Десять лет он работал в тюремной библиотеке, драил туалеты, захлебываясь мерзким запахом дерьма и хлорки, довольствовался скудной пищей, никогда не получал писем и передач с воли, а потом еще два года в колонии-поселении преподавал в школе заключенным русский язык и литературу — и ни разу не пожалел о своем выборе, сделанном 20 августа 1990 года во дворе, со всех сторон окруженном забором, один на один с братом, глядя на влажные каштановые волосы убитой девушки, - никогда он не пожалел о принятом тогда решении, которое вознесло его на вершины радости.

После освобождения Толяша остался учителем в школе для взрослых, впервые в жизни сошелся с женщиной, которая отбыла срок за убийство мужа-насильника, а когда она умерла, вернулся в родной городок и поселился в кривеньком доме, доставшемся ему в наследство от родителей.

На следующий день он отправился на кладбище, чтобы проведать могилы родителей, и попал на похороны старшего брата.
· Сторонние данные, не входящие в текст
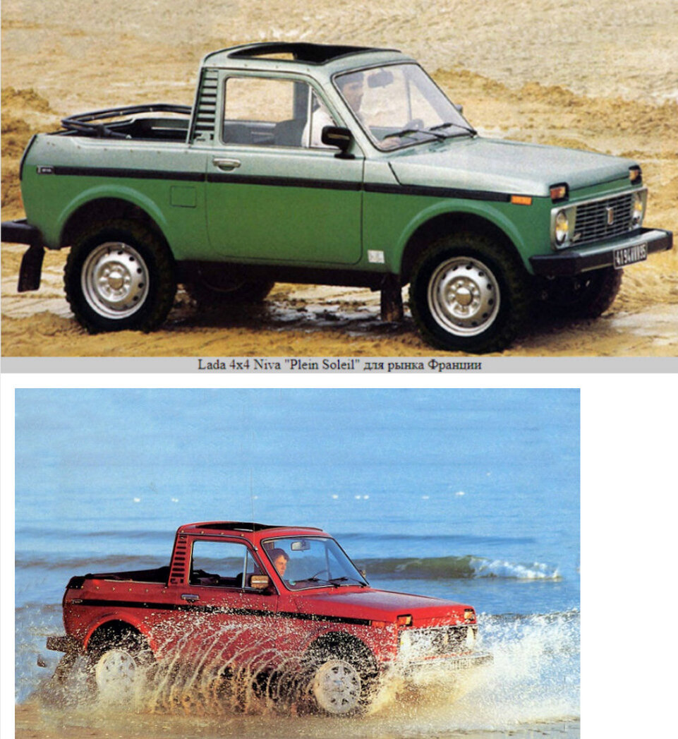 Пожалуй, пальма первенства в создании кабриолета на базе «Нивы» принадлежит французской компании Poch — эта компания занималась импортом ВАЗов во Францию и у нас в стране известна в основном благодаря победам ее гонщиков на наших «Нивах» в гонках Париж-Дакар. Компания Poch благодаря энергии ее основателя Жан Жака Пока, вообще была одним из самых активных импортеров советских моделей. Именно она активно продвигала наши машины в европе. А еще фирма Poch первой во Франции придумала демонстрировать автомобили в супермаркетах. И были это наши «Лады». Переделка стандартных «Нив» в кабриолеты осуществлялась французским кузовным ателье Lebranchu, а уже продажи осуществлялись через сбытовую сеть Poch. Кабриолеты, получившие название Plein Soleil (под солнцем), начали выпускаться в начале 80-ых годов ХХ века и изготавливались по сравнительно простой технологии — просто отрезалась задняя часть крыши, а чтобы компенсировать ее отсутствие усиливались оставшиеся силовые элементы конструкции кузова. Поскольку отрезанная крыша снизила жёсткость кузова, которую надо было как-то компенсировать, для этого вдоль нижней кромки оконной линии задних пассажиров вваривались два швеллера, которые соединяли поперечной балкой сверху дугой, которая формирует каркас крыши. Так в 1982 году появилась первая открытая версия кабриолета Lada 4×4 Niva Plein Soleil от французов

Здесь собрался, наверное, весь городок. У гроба доктора Старцева, сраженного инфарктом, его вспоминали как замечательного врача, доброго человека, бессребренника. Потеряв жену, он никогда больше не женился, посвятив свою жизнь больнице и больным. Некоторые даже называли его чудотворцем и считали, что со временем Николая Старцева признают святым.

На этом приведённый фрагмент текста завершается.